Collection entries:
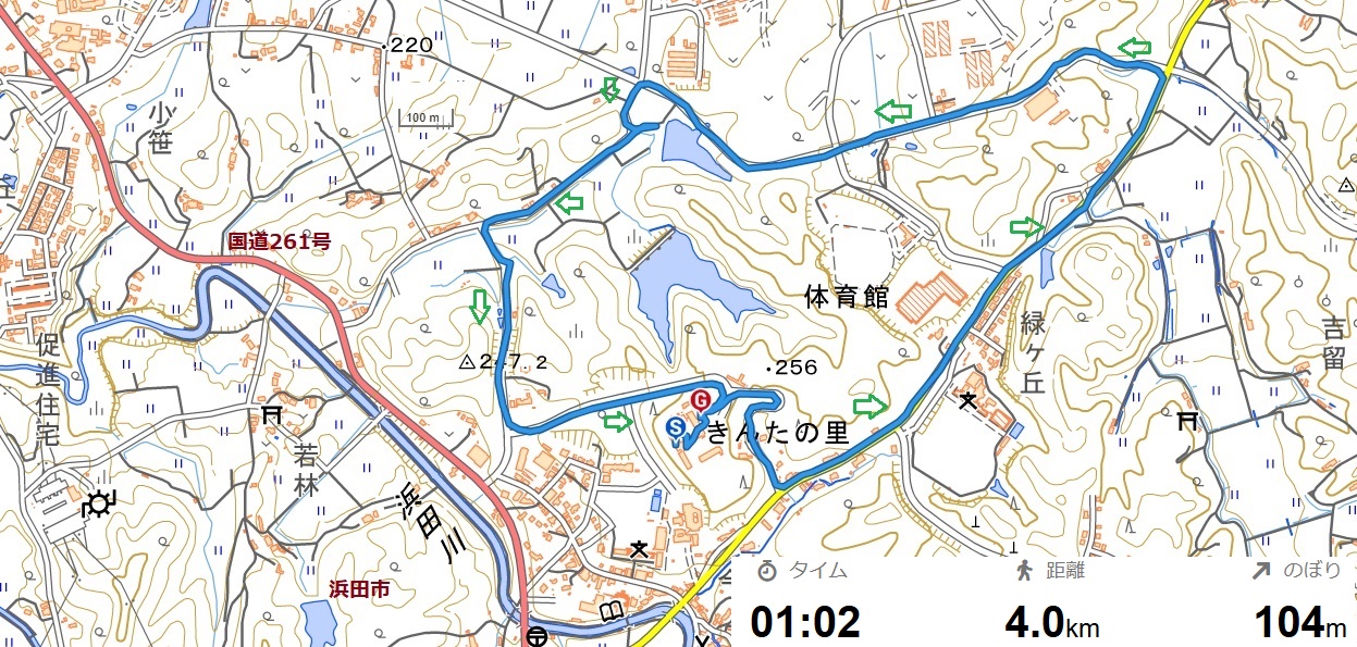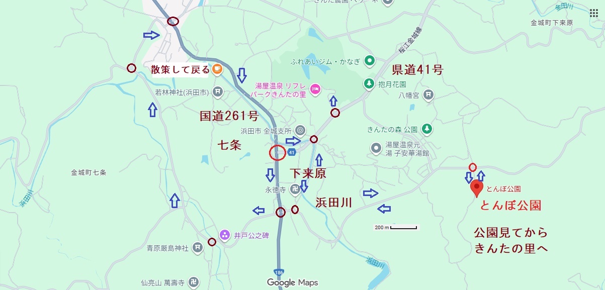 行って帰るつもり。金城町をめざしますが、同じ道だと変化がな
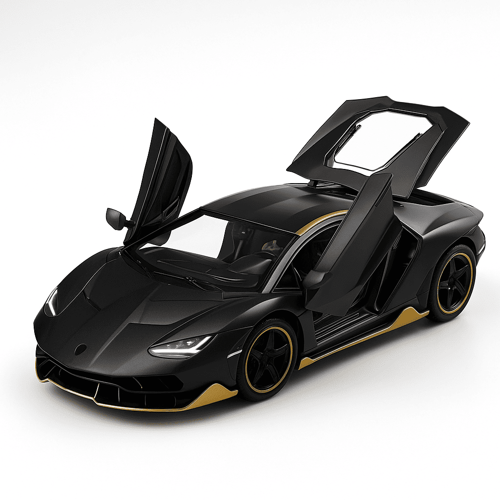 Experience the elegance of performance with the die-cast supercar — crafted in matte black and gold, featuring functional doors and a detailed interior that captures the spirit of high-end automotive luxury.
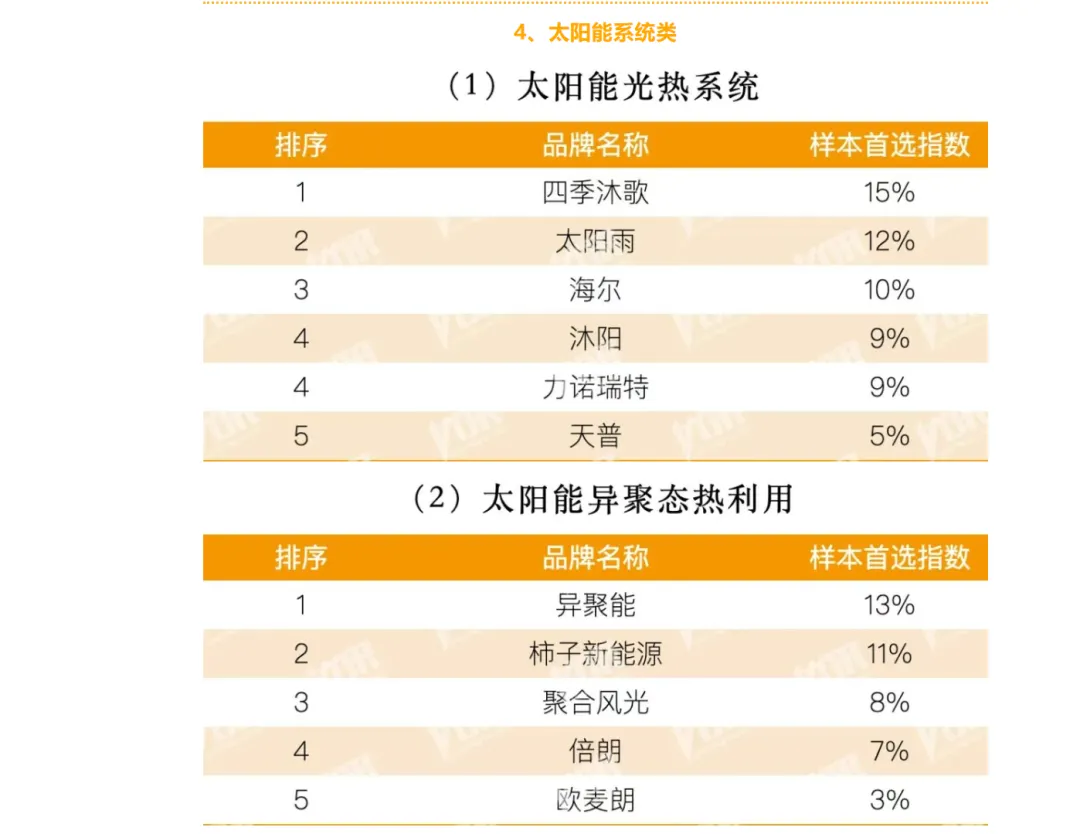 根据研究报告内容显示,首选安装工程类品牌中,太阳能光热系统中,四季沐歌、太阳雨、海尔、沐阳、力诺瑞特、天普等品牌上榜,样本首选指数分别为15%、12%、10%、9%、9%、5%;
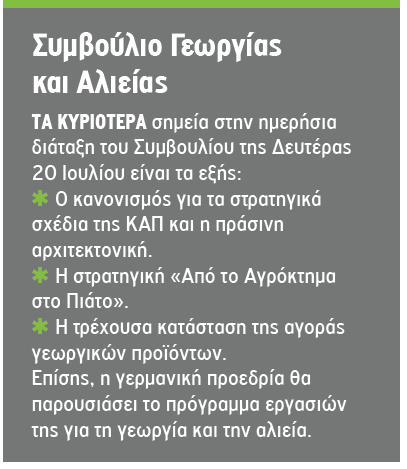 Διαβάστε αναλυτικό ρεπορτάζ για το συμβούλιο των υπουργών Γεωργίας της Ευρώπης στην «ΥΧ» που κυκλοφορεί την Παρασκευή 25 Ιουλίου
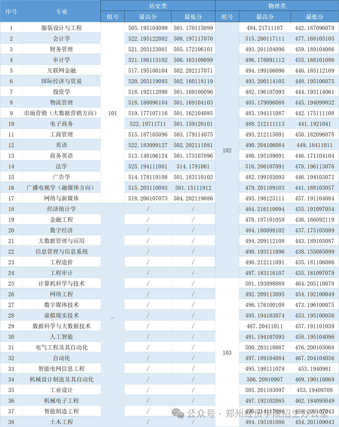 郑州航空工业管理学院2025年在河南录取分数线汇总
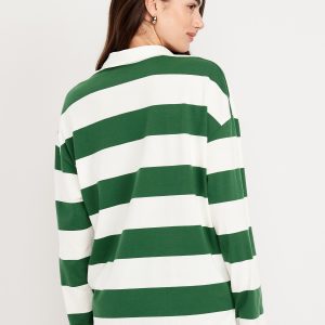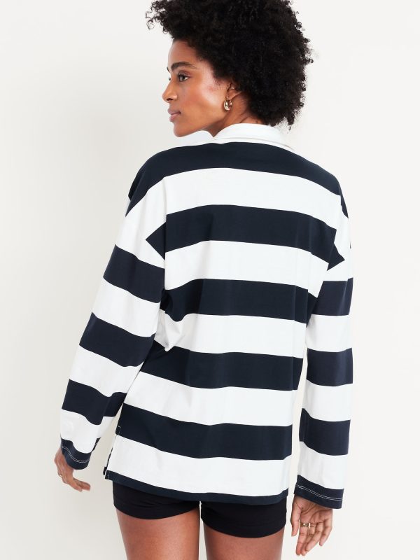 Oversized Rugby Polo: spread twill collar, long sleeves, wide contrasting stripes, #764298
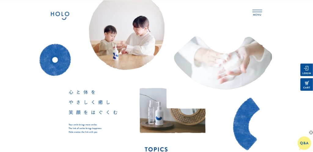 水彩風のあしらいに、トリミングの形も可愛い清潔感のあるWebデザインです。ライフスタイルに寄り添う落ち着いたトーンの背景に美しい青が映え、余白を贅沢に使った配置が素敵です。
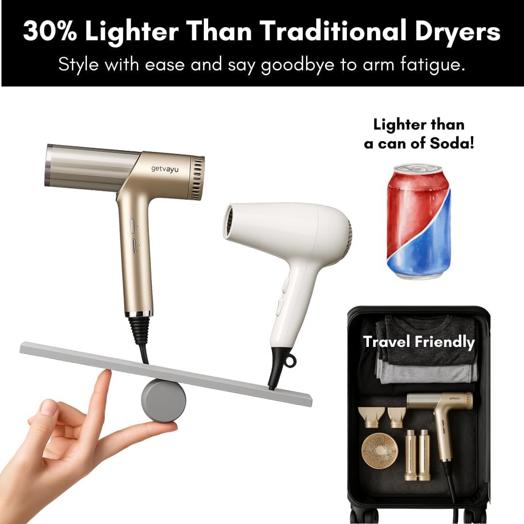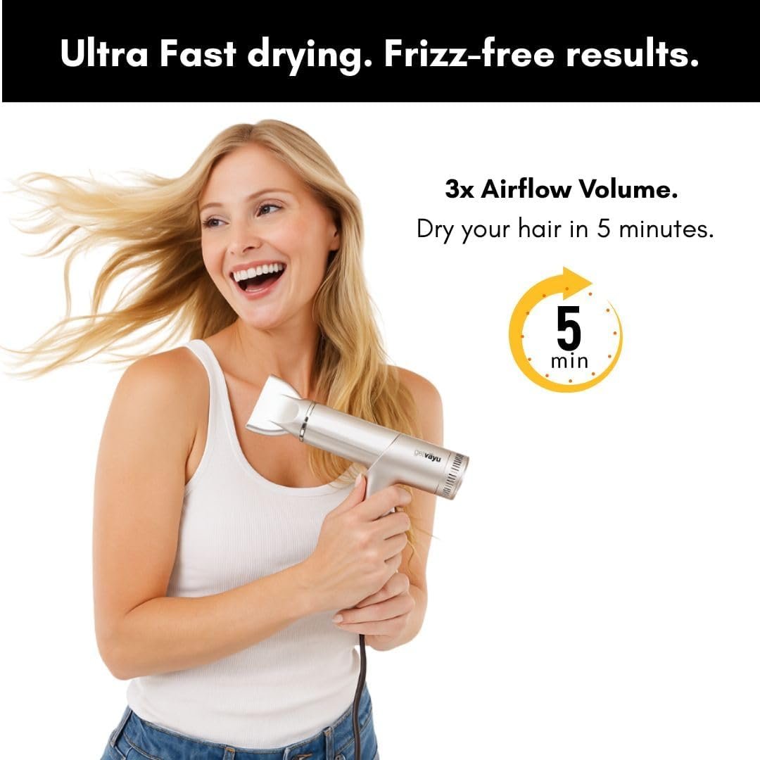 Premium Dupe with Smart Heat-Control Technology getvayu delivers premium performance – intelligent heat control prevents extreme temperatures and protects shine. Enjoy a powerful yet quiet blow dryer built to outlast ordinary dryers, backed by getvayu Hypersonic innovation.
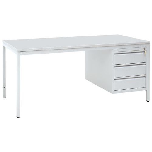 Mobili estremamente solidi in acciaio laccato epossidico bianco. Cassetti con chiusura centralizzata (consegnati con 2 chiavi), dotati di maniglia continua. Scatole di sospensione da montare sotto il telaio. Semplice e robusta, questa gamma di scrivanie è senza tempo.
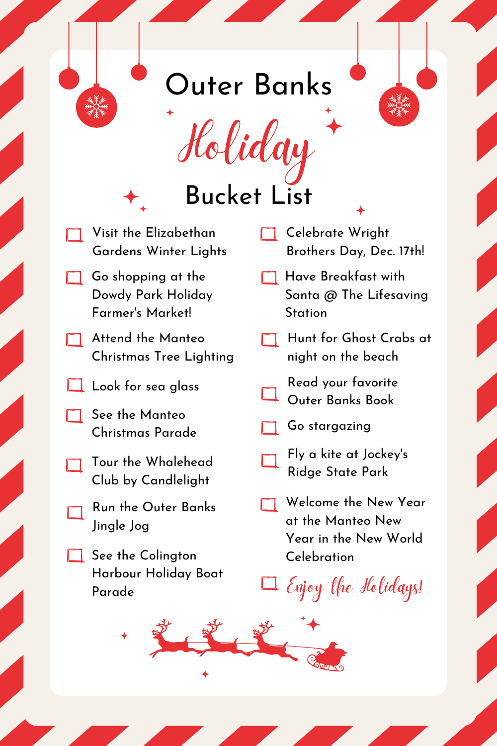 Visiting the Outer Banks is great any time of the year, but sometimes coming down for the holidays can be the best experience of all! With so many different things to do, it’s hard to keep it all in one place. But here’s our convenient Outer Banks Holiday Bucket List for you to take with you as you enjoy your Outer Banks holiday vacation! Whether you’re looking for an unforgettable Thanksgiving on the Outer Banks, the perfect Christmas present or those last-minute New Year’s Eve celebrations, you’ll find what you’re looking for on the Outer Banks! Be sure to stay up to date on holiday events taking place from November to January on the Outer Banks.
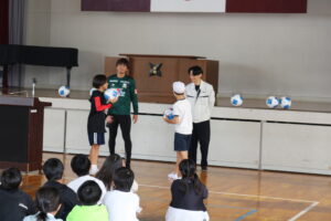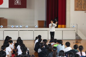 まず、長谷社長からのご挨拶、柏木アンバサダーからの自己紹介の後、サッカーボールの贈呈式を行いました。ボールを受け取った代表の方だけでなく、他の生徒の方も、きらきらした笑顔がとても印象的でした。

## Work required:
In the reply, each line of the data must appear exactly as written, and no picture may appear.

## Output of the exercise:
 行って帰るつもり。金城町をめざしますが、同じ道だと変化がな
 Experience the elegance of performance with the die-cast supercar — crafted in matte black and gold, featuring functional doors and a detailed interior that captures the spirit of high-end automotive luxury.
 根据研究报告内容显示,首选安装工程类品牌中,太阳能光热系统中,四季沐歌、太阳雨、海尔、沐阳、力诺瑞特、天普等品牌上榜,样本首选指数分别为15%、12%、10%、9%、9%、5%;
 Διαβάστε αναλυτικό ρεπορτάζ για το συμβούλιο των υπουργών Γεωργίας της Ευρώπης στην «ΥΧ» που κυκλοφορεί την Παρασκευή 25 Ιουλίου
 郑州航空工业管理学院2025年在河南录取分数线汇总
 Oversized Rugby Polo: spread twill collar, long sleeves, wide contrasting stripes, #764298
 水彩風のあしらいに、トリミングの形も可愛い清潔感のあるWebデザインです。ライフスタイルに寄り添う落ち着いたトーンの背景に美しい青が映え、余白を贅沢に使った配置が素敵です。
 Premium Dupe with Smart Heat-Control Technology getvayu delivers premium performance – intelligent heat control prevents extreme temperatures and protects shine. Enjoy a powerful yet quiet blow dryer built to outlast ordinary dryers, backed by getvayu Hypersonic innovation.
 Mobili estremamente solidi in acciaio laccato epossidico bianco. Cassetti con chiusura centralizzata (consegnati con 2 chiavi), dotati di maniglia continua. Scatole di sospensione da montare sotto il telaio. Semplice e robusta, questa gamma di scrivanie è senza tempo.
 Visiting the Outer Banks is great any time of the year, but sometimes coming down for the holidays can be the best experience of all! With so many different things to do, it’s hard to keep it all in one place. But here’s our convenient Outer Banks Holiday Bucket List for you to take with you as you enjoy your Outer Banks holiday vacation! Whether you’re looking for an unforgettable Thanksgiving on the Outer Banks, the perfect Christmas present or those last-minute New Year’s Eve celebrations, you’ll find what you’re looking for on the Outer Banks! Be sure to stay up to date on holiday events taking place from November to January on the Outer Banks.
 まず、長谷社長からのご挨拶、柏木アンバサダーからの自己紹介の後、サッカーボールの贈呈式を行いました。ボールを受け取った代表の方だけでなく、他の生徒の方も、きらきらした笑顔がとても印象的でした。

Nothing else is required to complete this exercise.